18.2 The user is also entitled to invoke force majeure if the circumstance preventing (further) performance occurs after the user should have performed its obligation.
18.3 During the force majeure, the user's delivery and other obligations are suspended. If the period during which compliance with the user's obligations is not possible due to force majeure lasts longer than 6 weeks, both parties are entitled to dissolve the agreement in writing, without any obligation to pay damages.
18.4 In the event of force majeure, the client has no right to any (damage) compensation.

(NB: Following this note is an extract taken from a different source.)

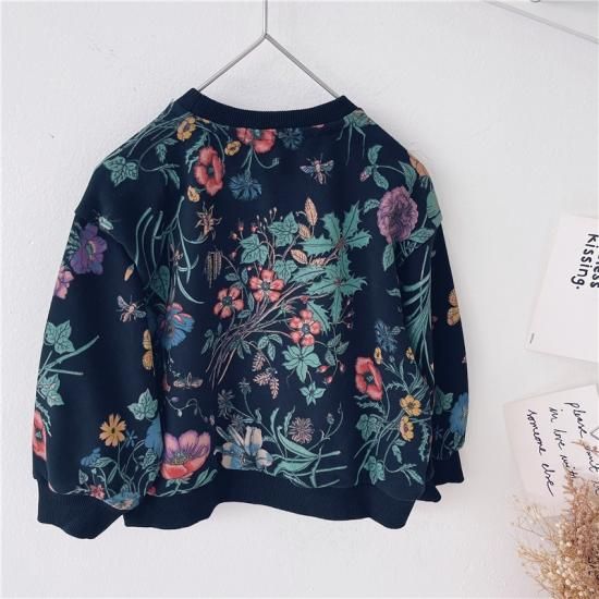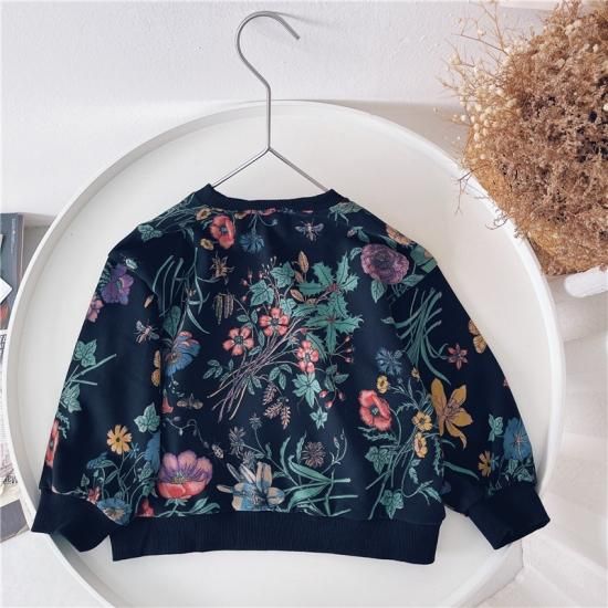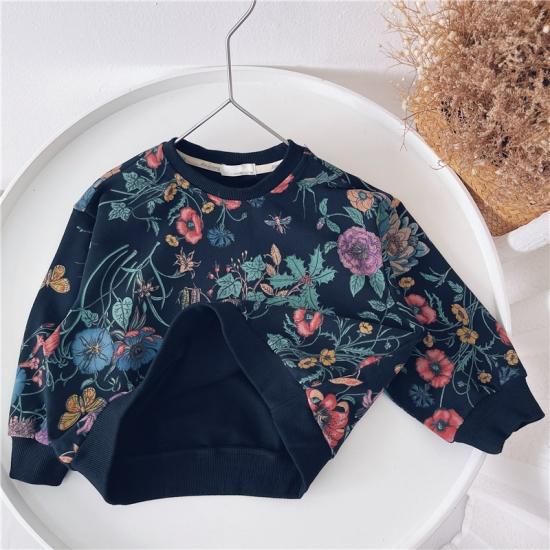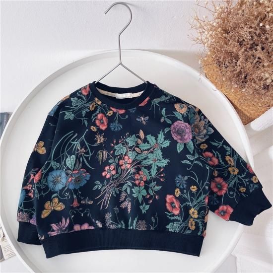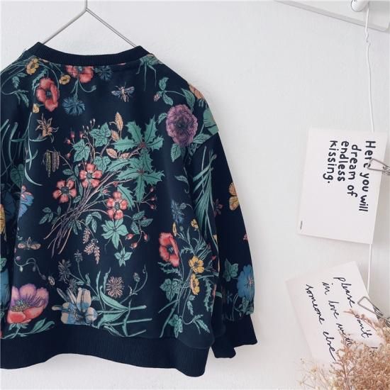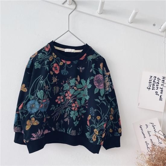 トップス ボーイズ ガールズ キッズ ブラック サイズ2展開 140 150 プルオーバー コットン 春 秋冬 新作 カジュアルスタイル おしゃれ 総柄 ラウンドネック プリント 子供用 可愛い

18.5 If the user has already partially fulfilled its obligations when the force majeure occurs, or can only partially fulfill its obligations, it is entitled to separately invoice the part already delivered or deliverable, and the client is obliged to pay this invoice as if it were a separate contract. This does not apply if the part already delivered or deliverable has no independent value.
Article 19. Termination
19.1 Both parties may terminate the agreement in writing at any time. In such cases, the parties must observe a reasonable notice period.
Article 20. Dissolution of the agreement, default
20.1 If the client does not or does not timely fulfill any obligation arising from the agreement and/or these General Terms and Conditions, the client is in default without notice of default, and the user is entitled to suspend or dissolve the performance of all agreements with the client in whole or in part.

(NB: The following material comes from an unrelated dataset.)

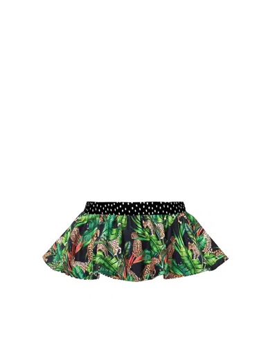 Women's Reversible Ruffle Belt In Midnight Jungle + Black & White Dots In Green

20.2 In the event of (temporary) suspension of payment, bankruptcy, cessation, or dissolution of the client's business or organization, all agreements with the client are dissolved by operation of law, unless the user informs the client within a reasonable period that it requires compliance with the entire agreement or part of it. In such a case, the user is entitled to suspend the performance of the relevant agreement(s) without notice of default until payment is sufficiently secured.
Article 21. Personal data
21.1 Personal data entered by the client will be included in a file solely for the purpose of execution.
21.2 The client's data will be included in a central file of the user and will only be used to keep the client fully up to date regarding the user's business and services, unless the client has indicated that it does not wish to receive such updates. The processing of the client's data will be carried out in accordance with applicable laws and regulations.
21.3 The client may, if desired, obtain access to the data recorded about him by the user in the user's file. The client is entitled to request corrections if this data is not correct.
General Terms and Conditions All Connect Solutions B.V. V06-2024
Article 22. Dispute resolution
22.1 The court in the user's place of residence has exclusive jurisdiction to hear disputes, unless the cantonal court is competent. Nevertheless, the user remains entitled to summon the client before the competent court under the law or treaty.
Article 23. Applicable law
23.1 Dutch law applies to these general terms and conditions and all agreements entered into by the user with a client.
Article 24. Changes and location of the terms
24.1 These terms have been filed with the Chamber of Commerce in Utrecht.
24.2 The version filed last or the version applicable at the time of the transaction in question applies.
Article 25. Miscellaneous
25.1 If the client provides the user with an address in writing, the user is entitled to send all orders to that address until the client provides the user with a new address.
25.2 If the user has, either for a short or long period, tacitly allowed deviations from these terms, this does not affect its right to demand immediate and strict compliance with the terms. The client can never assert any right based on the fact that the user applies these terms flexibly.
25.3 The user is authorized to use third parties in the execution of the client's order(s).